The U.S. Central Command (CENTCOM) announced on Monday that it had carried out a drone strike against a senior leader of al-Qaeda located in the northern Syrian province of Idlib.

Navy Lt. Josie Lynne Lenny, a CENTCOM spokeswoman, said that “U.S. forces conducted a kinetic counterterrorism strike near Idlib, Syria, today [sic], on a senior al-Qaeda leader.”

“Initial indications are that we struck the individual we were aiming for, and there are no indications of civilian casualties as a result of the strike.” Lt. Lenny did not identify the target of the airstrike.

The Pentagon confirmed the report later on Monday although Pentagon spokesperson John Kirby declined to answer any questions about the drone strike during a press briefing. 

Kirby did tell the assembled media that an Air Force general officer has been tasked to lead an investigation into the drone strike in Afghanistan that killed 10 people, including seven children on August 29. That strike killed a family whose father, an aid worker, was mistakenly believed to be an ISIS-K facilitator.
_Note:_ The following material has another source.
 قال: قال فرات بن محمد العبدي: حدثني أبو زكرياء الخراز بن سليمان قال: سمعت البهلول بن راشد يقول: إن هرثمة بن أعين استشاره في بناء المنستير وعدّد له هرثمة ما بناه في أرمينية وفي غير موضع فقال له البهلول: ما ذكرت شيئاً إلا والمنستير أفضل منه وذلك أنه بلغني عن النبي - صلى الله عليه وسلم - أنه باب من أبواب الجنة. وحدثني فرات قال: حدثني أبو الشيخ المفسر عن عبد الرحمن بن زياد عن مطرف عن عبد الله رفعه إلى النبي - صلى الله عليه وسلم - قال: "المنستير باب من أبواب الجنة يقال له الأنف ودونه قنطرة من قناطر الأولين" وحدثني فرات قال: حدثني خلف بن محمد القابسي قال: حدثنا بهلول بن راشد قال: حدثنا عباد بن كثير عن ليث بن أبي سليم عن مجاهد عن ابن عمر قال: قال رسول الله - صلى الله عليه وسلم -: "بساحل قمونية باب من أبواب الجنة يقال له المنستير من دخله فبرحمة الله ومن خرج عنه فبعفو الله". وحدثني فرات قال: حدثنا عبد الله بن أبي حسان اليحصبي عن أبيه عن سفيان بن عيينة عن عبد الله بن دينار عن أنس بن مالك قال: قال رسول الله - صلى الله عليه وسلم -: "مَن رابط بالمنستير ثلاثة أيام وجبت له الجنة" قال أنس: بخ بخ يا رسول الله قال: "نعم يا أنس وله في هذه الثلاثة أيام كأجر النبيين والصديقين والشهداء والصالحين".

However, according to the Search for International Terrorist Entities Institute (SITE) Intelligence Group, monitored social media traffic indicates that the strike killed Abu al-Bara’ al-Tunisi and Abu Hamza al-Yemeni, two fighters with Tanzim Hurras ad-Din (Guardians of Religion Organization), a militia in northern Syria that is aligned with al-Qaeda. As Rita Katz, the co-founder of SITE wrote on Twitter,

The Syrian Observatory for Human Rights (SOHR) reported that the drone was a U.S. Reaper and that it attacked a vehicle on the road between Binnish and Idlib city in Idlib countryside. SOHR sources have said that a commander of a jihadi organization was traveling in the car when it was attacked. 

As the photos of SITE on Twitter show, the vehicle was effectively cut in half and completely destroyed. The White Helmets, a civil defense group, reported that they have removed at least one unidentified body from the wreckage. 
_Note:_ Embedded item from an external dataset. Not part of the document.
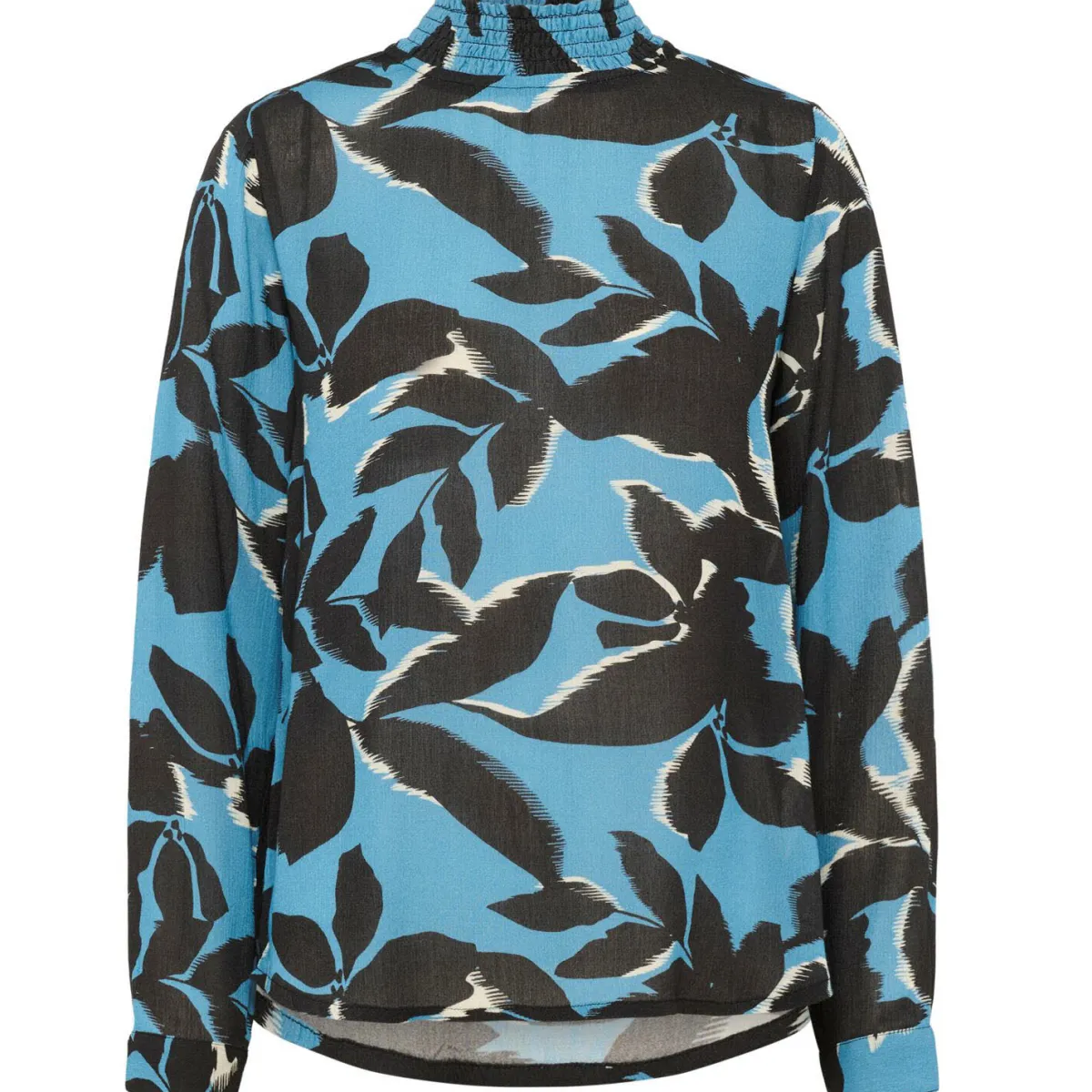 Der leichte, fließende Viskose Stoff in Blau ist mit einem Print in Schwarz, mit Blättern verziert und verleiht ihr einen verspielten Look.

A photo from Syria reportedly shows the smoke rising from the U.S. drone strike on al-Qaeda. (Courtesy of Charles Lister/ Middle East Institute)
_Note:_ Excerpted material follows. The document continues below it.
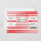 L'invitation au style de billet Red Festive est entièrement personnalisable pour votre événement ou occasion. Utilisez-le pour une fête de remise de diplômes ou tout événement. Arrière - plan rouge avec divisions et sections blanches, avec un ordinateur imprimer du texte de style numérique.

Large swaths of Idlib and the neighboring Aleppo province are the only remaining areas of Syria not under government control after a decade of bloody civil war. The U.S.-led coalition as well as the Israeli Air Force have conducted airstrikes in the region. The U.S. has conducted airstrikes against al-Qaeda and ISIS. A raid during 2019, targeted and killed the leader of the ISIS group Abu Bakr al-Baghdadi, who had fled eastern Syria and was located by the coalition. 

Various groups are vying for control of the area including the former al-Qaeda-linked Hayat Tahrir al-Sham.

Four million people have been displaced from Idlib to elsewhere in the country.